We have two choices for each nth item. We can put it into the Knapsack (1): Value of the sack= Maximum value obtained from n-1 items. We cannot put it into the KnapSack (0): Value of the sack= Maximum value obtained from n-1 items+Value of our nth item where the capacity of the bag would now shrink to capacity-weight of nth item. Aug 13, 2020 Therefore, a 0-1 knapsack problem can be solved in using dynamic programming. It should be noted that the time complexity depends on the weight limit of.
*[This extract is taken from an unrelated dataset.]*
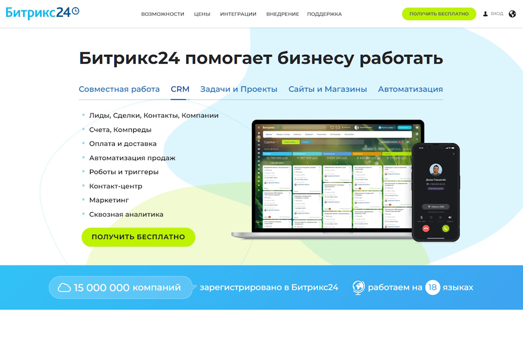 Оптимизируйте свой бизнес и повысьте продуктивность с помощью Битрикс24. Зарегистрируйтесь бесплатно и начните использовать платформу прямо сейчас!
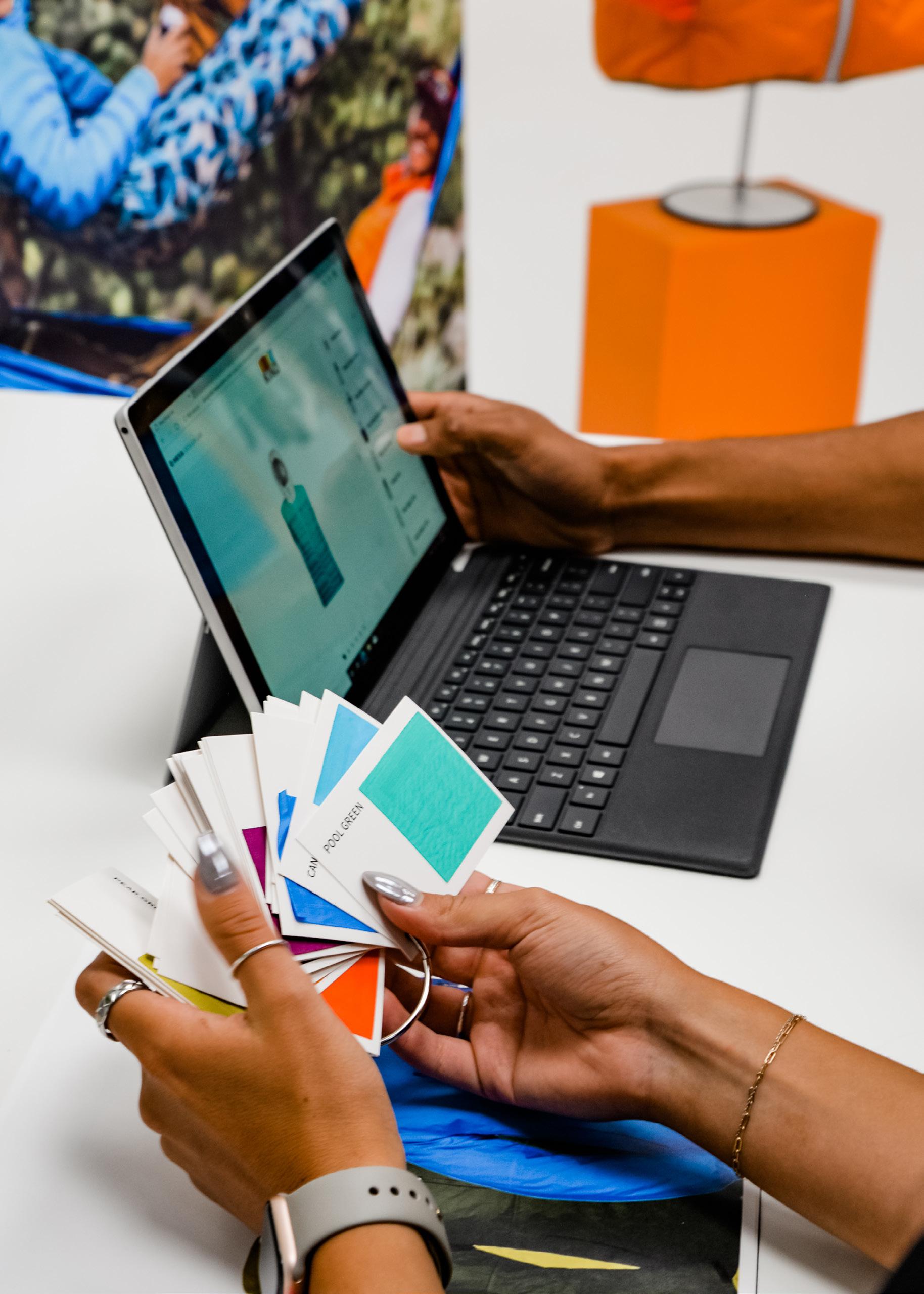 Jump online and fill out our quick and easy virtual request form. You can simply send us your logo(s), branding and URL. We’ll send you a presentation full of custom designs that are on-brand and created to inspire. All within 2 business days.

Although it seems like it’s a polynomial-time algorithm in the number of items, as W increases from say 100 to 1,000 ( to ), processing goes from bits to bits.

You are given the following-

  • A knapsack (kind of shoulder bag) with limited weight capacity.
  • Few items each having some weight and value.

The problem states-

Which items should be placed into the knapsack such that-

  • The value or profit obtained by putting the items into the knapsack is maximum.
  • And the weight limit of the knapsack does not exceed.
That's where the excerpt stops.